Aside from the overall growth in funding, and the increase in investor numbers, another positive revealed by the report is that there is a continuing trickle down effect as the percentage of funding going into markets other than the “big four” of Nigeria, Kenya, South Africa, and Egypt” slowly increases. In 2022, “big four” startups raised 80.8 per cent of the annual total, down from 92.1 per cent in 2021.
Gasaatura says this is good news.
“I don’t think it is a lack of talent across the continent, it is a lack of opportunity, and the biggest challenge in the startup space is market access. There is still opportunity for the smaller countries if their startups can find a route to market in the large markets,” he said.

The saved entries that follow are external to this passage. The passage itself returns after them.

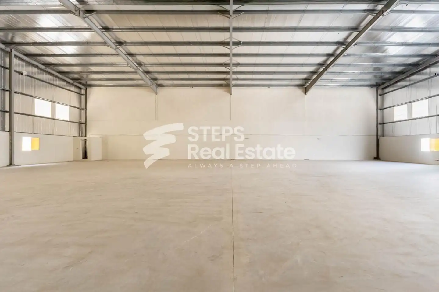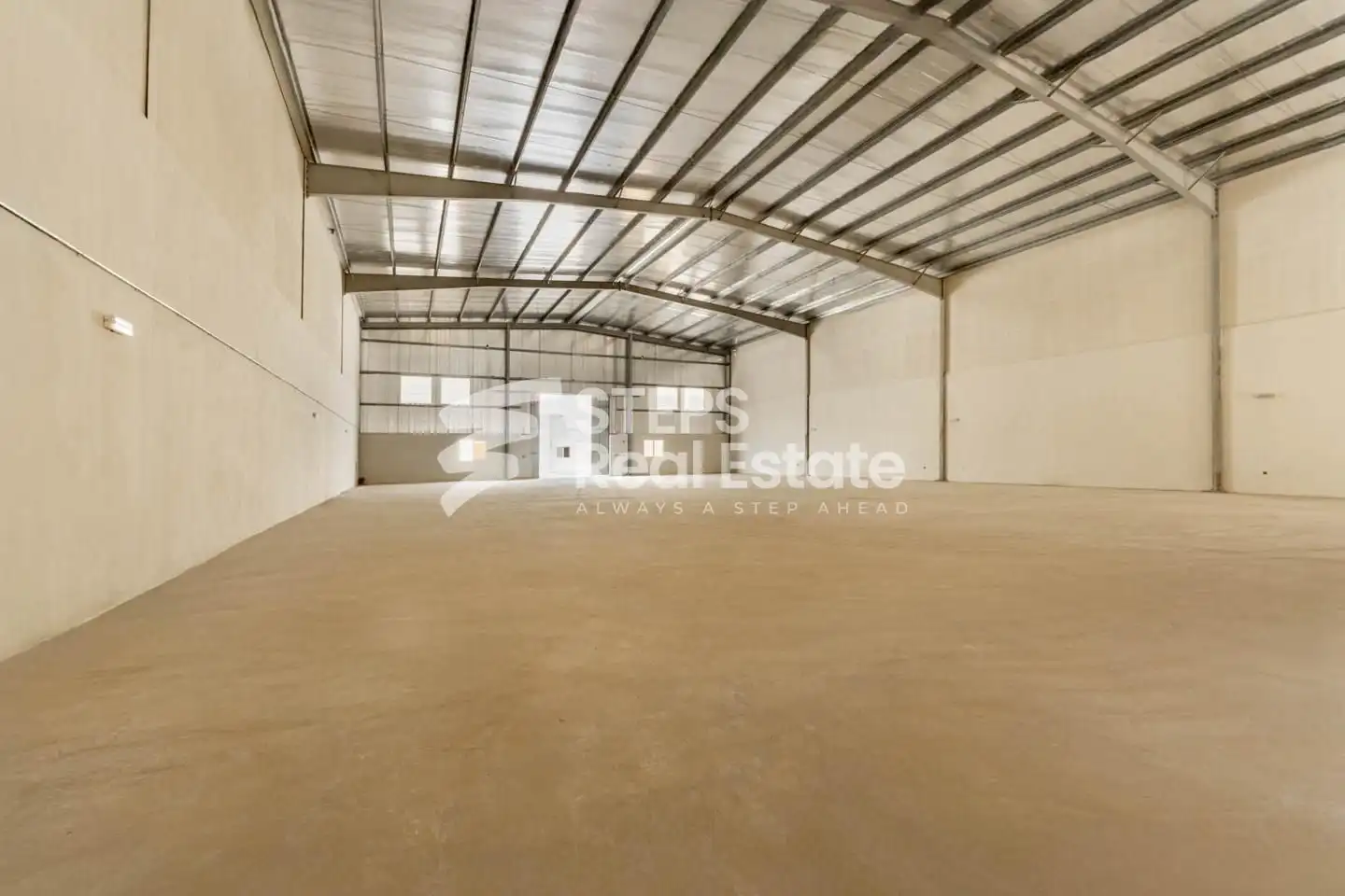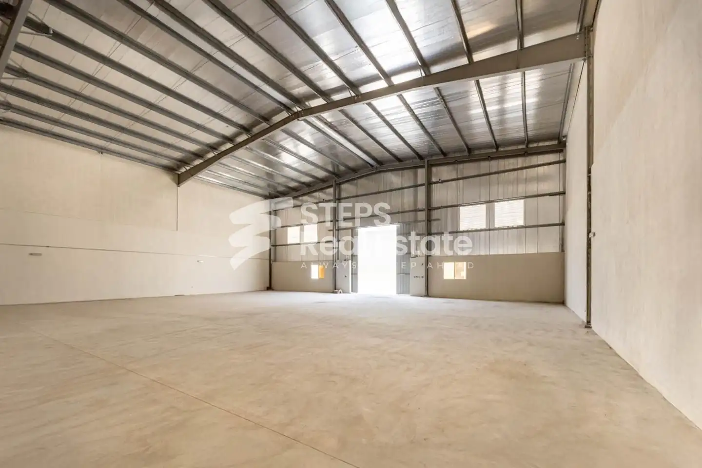 The warehouse features a spacious open layout that supports smooth movement of goods, vehicles, and equipment. Its functional design allows flexible space planning, making it easy to adapt the warehouse to different operational requirements without limitations.
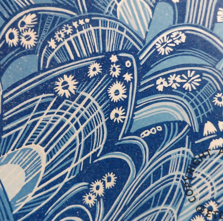 This is an original reduction lino print printed in three colours, pale blue-grey, sea blue and deep blue. A limited edition of 20. The printed area measures approximately 21x21cm. It is supplied in a white mount to fit a 30x30cm frame (other size available on request).
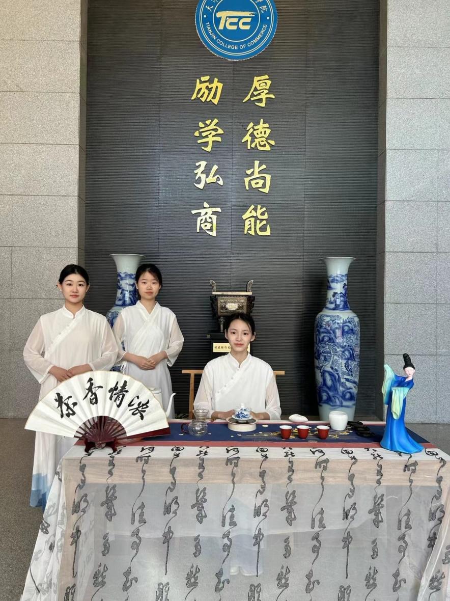 一盞茶中,映射出千年的輝煌歷程和傳統(tǒng)文化的熠熠之光。茶藝這一門古老而又時(shí)尚的文化正在被越來(lái)越多的人所熟知和欣賞,在傳統(tǒng)文化氛圍濃郁的天津商務(wù)職業(yè)學(xué)院校園里,茶藝社團(tuán)面向廣大莘莘學(xué)子,在傳承茶文化,豐富校園文化生活,陶冶學(xué)生情操方面發(fā)揮著越來(lái)越重要的作用。從動(dòng)手開(kāi)始,把文字知識(shí)變?yōu)閷?shí)實(shí)在在的手藝成果,讓更多的學(xué)生學(xué)習(xí)茶道、了解茶歷史、熱愛(ài)茶文化,感受到茶文化的精神內(nèi)涵。
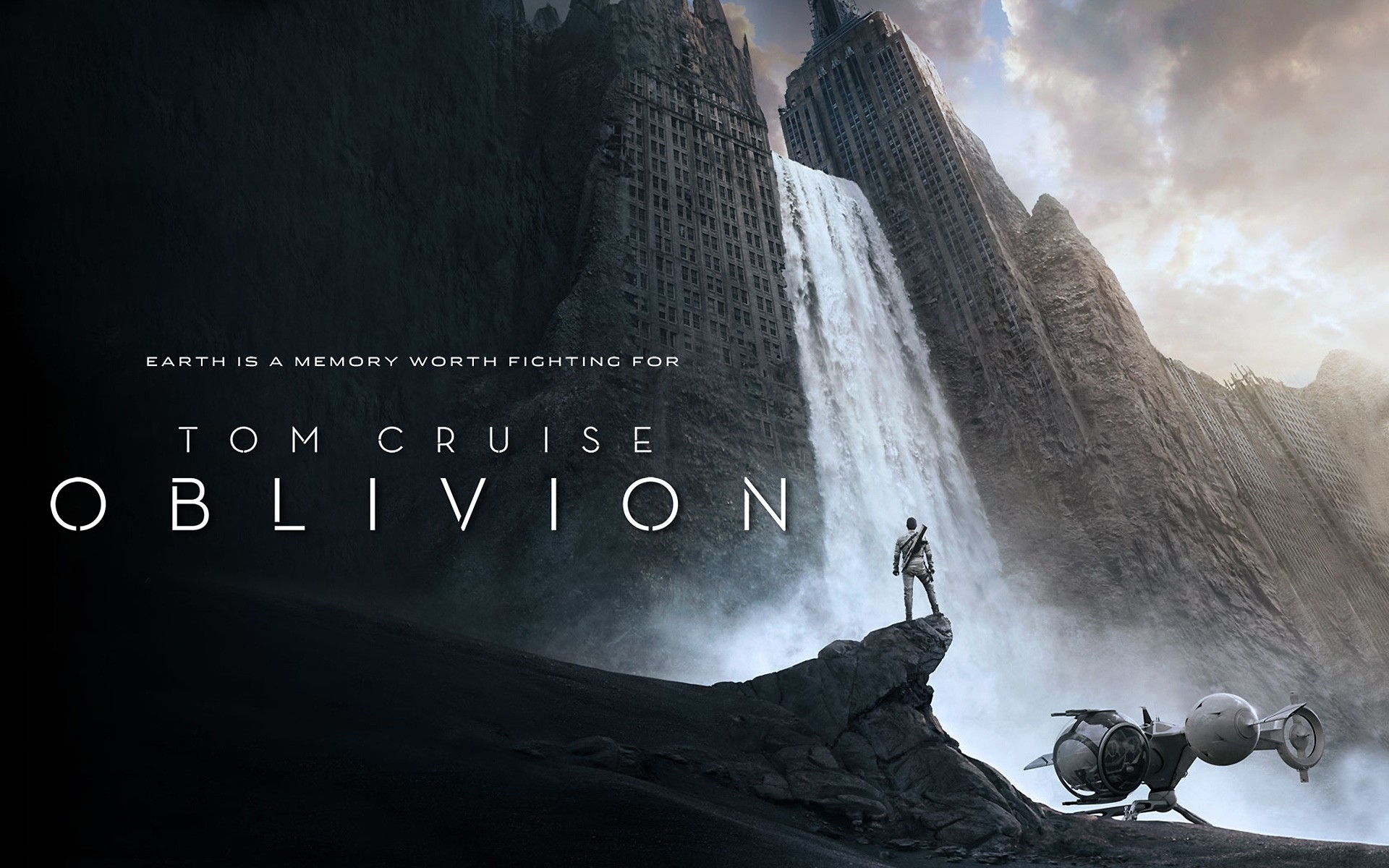 A fantastic waterfall and a man with an aircraft with the Oblivion logo
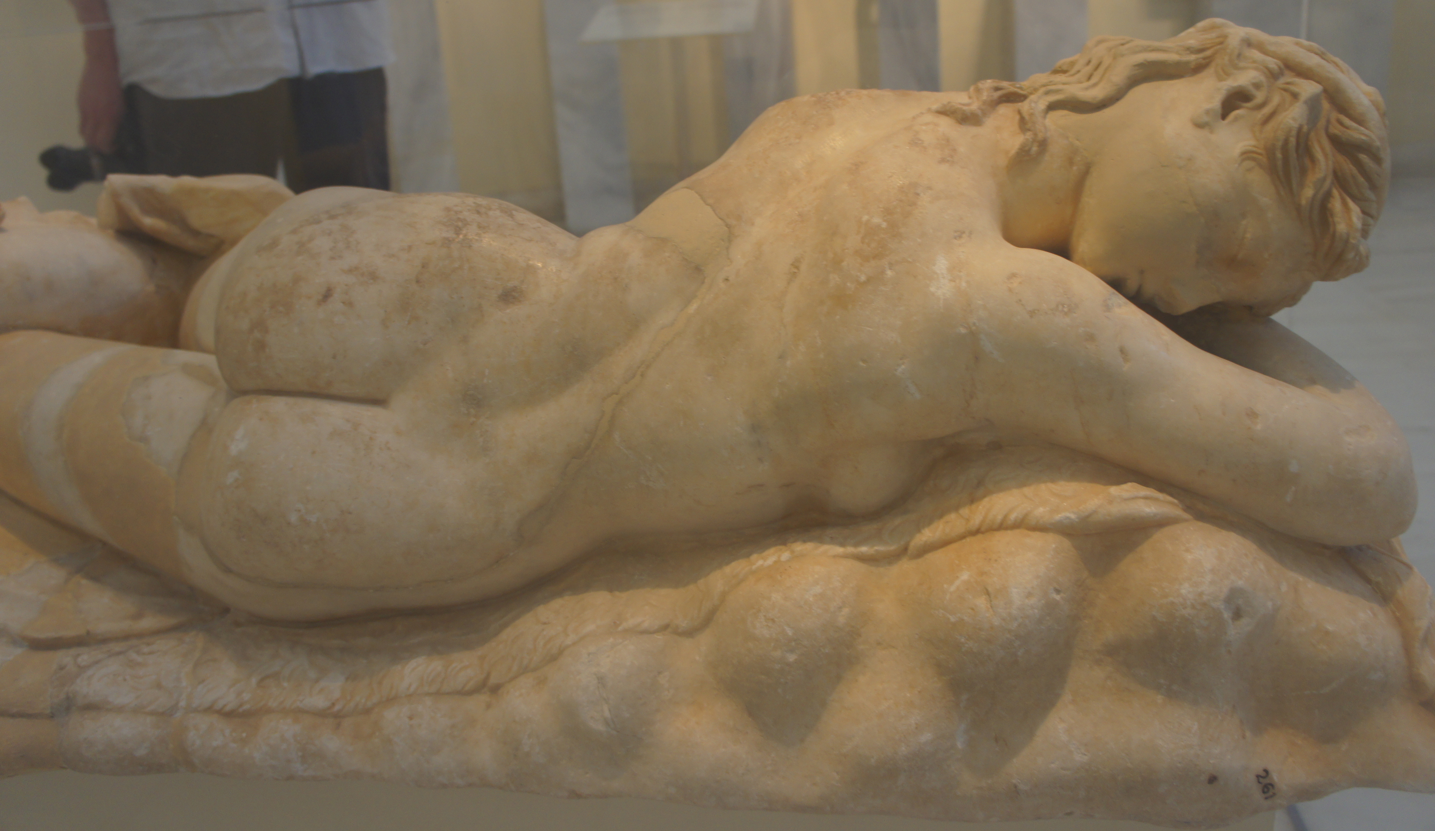 This is a statue of a sleeping Maenid found on the southern side of the Athenian Acropolis. Circa AD117-138. Photo by JE

More than half the funded African tech startups from 2022 took part in some form of accelerator or incubation programme either prior to raising, or as part of their raise. This marks a sizeable increase from 2021, with growing interest in African startups from international accelerators such as Y Combinator and Techstars accounting for much of the growth. But how helpful is taking part in an accelerator when it comes to securing venture capital?
“It plays a role, but it is not a silver bullet,” said Gasaatura. “It does play a role in providing some education as to how companies can start to think about their growth and start thinking about investment. One of the biggest complaints we hear from investors when they come to Africa is that they can’t find deals, so these programmes play a role.”
A major negative emerging from the data is the clear evidence that African tech’s gender problem is only getting worse. Only 20.2 per cent of the 633 funded African tech startups in 2022 had at least one woman on their founding team, which is up from 121 in 2021 but still represents a percentage decline from 21.5 per cent. Young says there is no real excuse for this.
“There are a couple of reasons that are often cited – there’s not enough pipeline, there’s not enough quality pipeline, the startups are too early stage, or they don’t have the right skill. We have found that pipeline is definitely not the issue in any way, form, or fashion, and the quality of the female founders is not the issue either,” she said.
The lack of gender diversity is especially disappointing when it is clear that it just makes good business sense to have a diverse portfolio of investments.
“Why on earth would be not want to as venture capitalists have a more balanced view on how we go and source for deal pipeline? And how do we not make really robust, balanced decisions, not based on gender only?” Young said.
Grindstone Accelerator last year partnered Naspers Labs to launch GrindstoneX, an all-female accelerator programme designed to make women-led startups more investible, scalable, and exit-ready. Proactive programmes like this can play a part in fixing the problem, Young said.
“Sometimes it is a case of just reverse engineer the composition of the cohorts in things like accelerators. And we just literally just get on with, and we try for the next number of years to get the balance, and go and recruit these female startups. They are there, they are absolutely brilliant across the continent. It is intentional, it needs to be a meaningful intention to do so,” she said.
VCs also need to make investment committees more balanced, and get more female mentors and coaches on board.
“It really would take a meaningful intention over a sustained period of time, five to 10 years, to get the balance right, and then we are all more profitable and make more money. I don’t see the problem with that,” said Young.